ACTIVITY
Please give back only the lines below from the one containing "А как ты думаешь, о" to the one containing "Green Aquamarine Heart Dangle Earrings", each repeated word for word, both ends included.

THE INPUT Block Start

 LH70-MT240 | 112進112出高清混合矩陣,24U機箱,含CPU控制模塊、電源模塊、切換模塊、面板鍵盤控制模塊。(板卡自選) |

THE INPUT Block End
THE INPUT Block Start

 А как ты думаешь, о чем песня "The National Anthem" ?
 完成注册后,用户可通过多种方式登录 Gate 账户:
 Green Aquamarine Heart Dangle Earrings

THE INPUT Block End

RESPONSE TO THE EXERCISE
 А как ты думаешь, о чем песня "The National Anthem" ?
 完成注册后,用户可通过多种方式登录 Gate 账户:
 Green Aquamarine Heart Dangle Earrings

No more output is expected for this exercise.